* DATA FOR THIS TASK:
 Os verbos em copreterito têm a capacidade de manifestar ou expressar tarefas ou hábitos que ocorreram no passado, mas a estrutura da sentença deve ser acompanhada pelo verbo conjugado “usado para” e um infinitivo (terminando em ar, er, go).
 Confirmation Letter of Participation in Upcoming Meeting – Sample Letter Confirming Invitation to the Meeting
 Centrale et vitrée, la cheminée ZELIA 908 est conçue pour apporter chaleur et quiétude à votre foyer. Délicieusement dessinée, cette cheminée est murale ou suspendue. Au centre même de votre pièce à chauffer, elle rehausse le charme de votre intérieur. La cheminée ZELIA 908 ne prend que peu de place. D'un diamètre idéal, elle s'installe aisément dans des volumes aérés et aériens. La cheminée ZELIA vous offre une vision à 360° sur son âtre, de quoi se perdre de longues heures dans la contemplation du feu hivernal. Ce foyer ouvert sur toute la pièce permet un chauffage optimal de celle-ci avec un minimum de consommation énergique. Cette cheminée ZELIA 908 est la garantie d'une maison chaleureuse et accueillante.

--

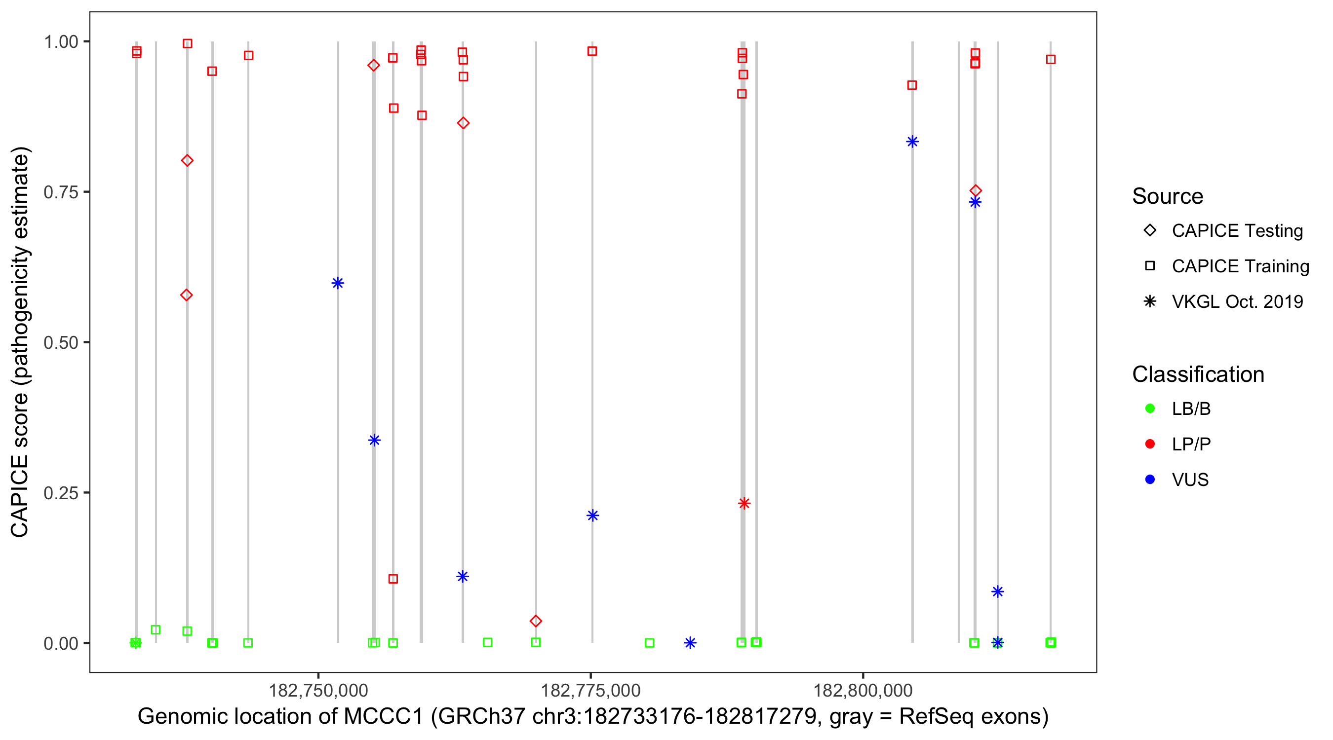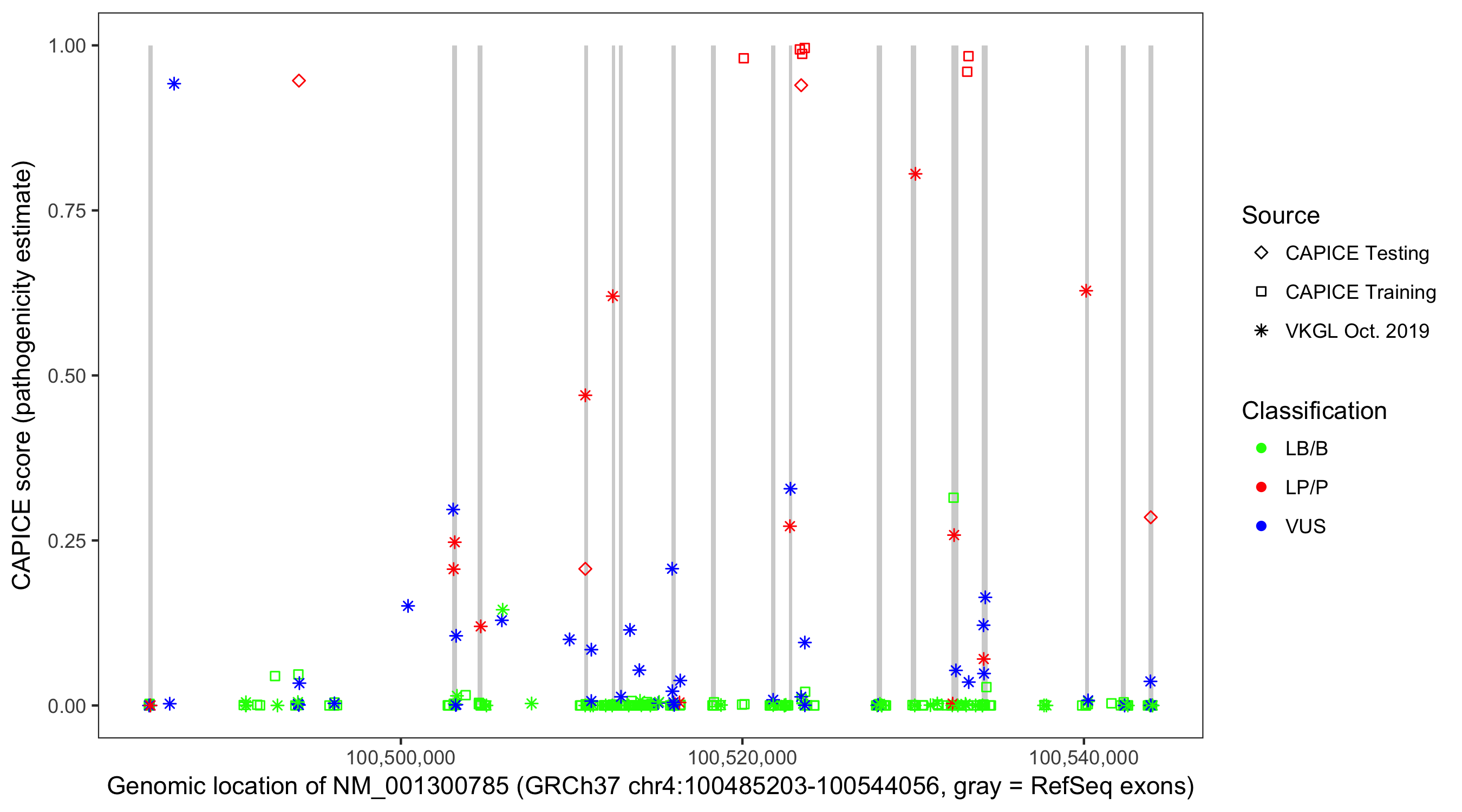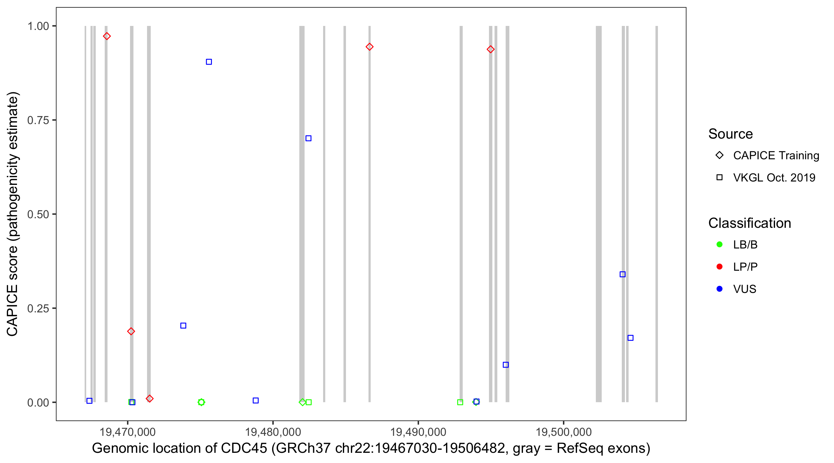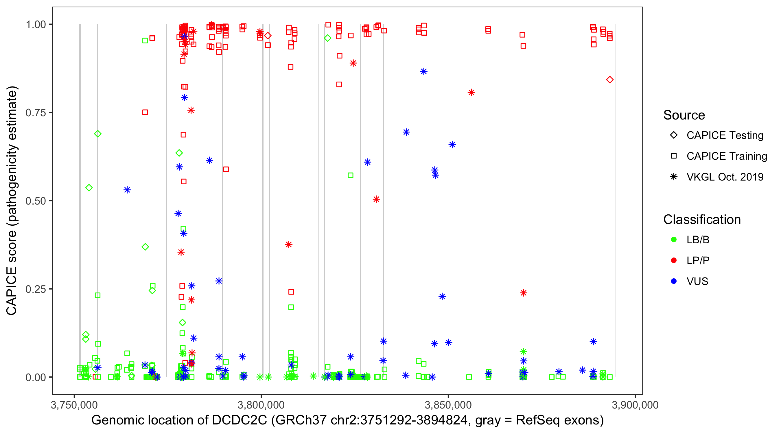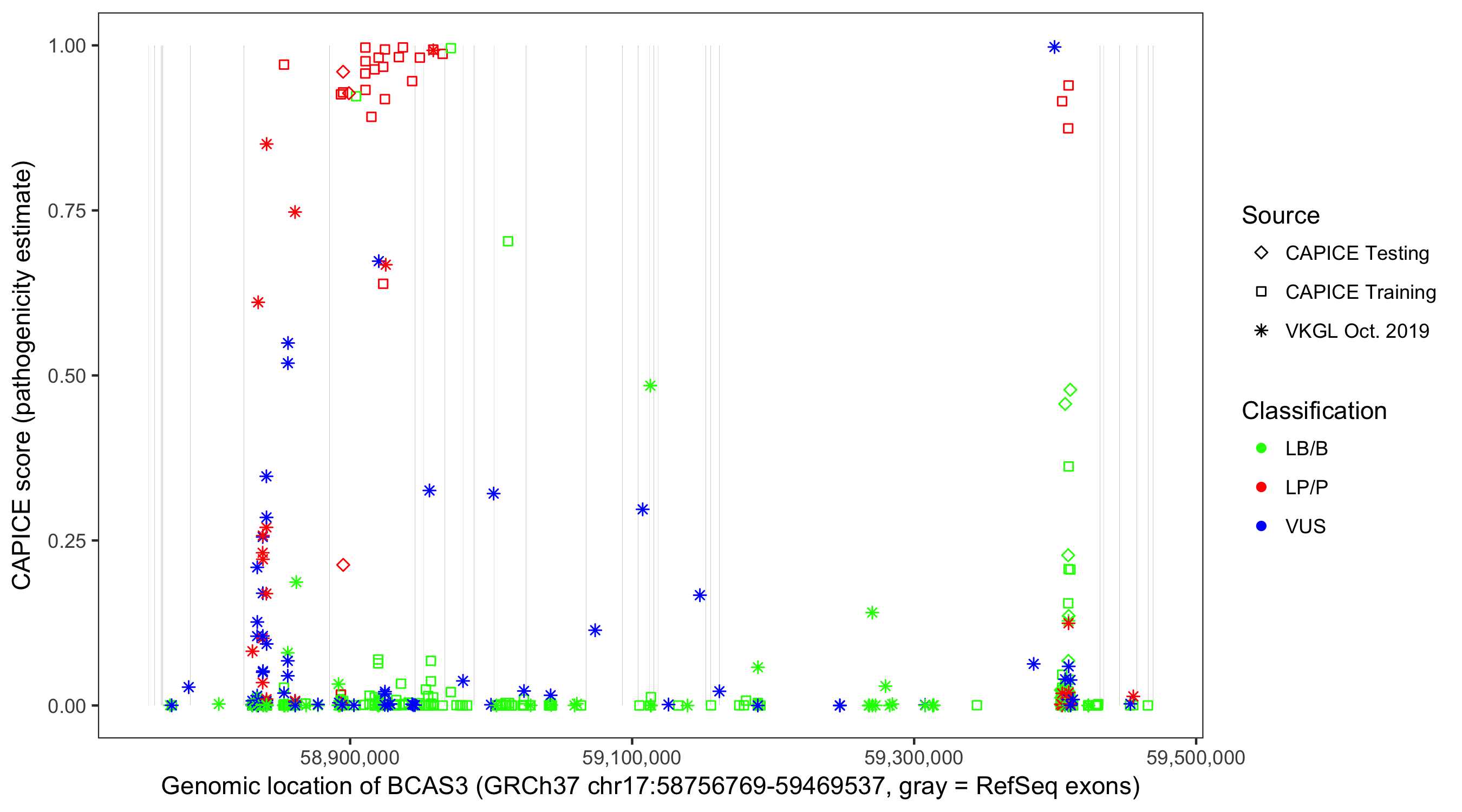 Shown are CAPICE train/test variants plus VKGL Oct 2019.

* TASK INSTRUCTIONS:
Copy out each line of the data above, exactly, if it lies between the line holding "Os verbos em" and the line holding "Centrale et vitrée, la", inclusive; copy no other line.

* TASK OUTPUT:
 Os verbos em copreterito têm a capacidade de manifestar ou expressar tarefas ou hábitos que ocorreram no passado, mas a estrutura da sentença deve ser acompanhada pelo verbo conjugado “usado para” e um infinitivo (terminando em ar, er, go).
 Confirmation Letter of Participation in Upcoming Meeting – Sample Letter Confirming Invitation to the Meeting
 Centrale et vitrée, la cheminée ZELIA 908 est conçue pour apporter chaleur et quiétude à votre foyer. Délicieusement dessinée, cette cheminée est murale ou suspendue. Au centre même de votre pièce à chauffer, elle rehausse le charme de votre intérieur. La cheminée ZELIA 908 ne prend que peu de place. D'un diamètre idéal, elle s'installe aisément dans des volumes aérés et aériens. La cheminée ZELIA vous offre une vision à 360° sur son âtre, de quoi se perdre de longues heures dans la contemplation du feu hivernal. Ce foyer ouvert sur toute la pièce permet un chauffage optimal de celle-ci avec un minimum de consommation énergique. Cette cheminée ZELIA 908 est la garantie d'une maison chaleureuse et accueillante.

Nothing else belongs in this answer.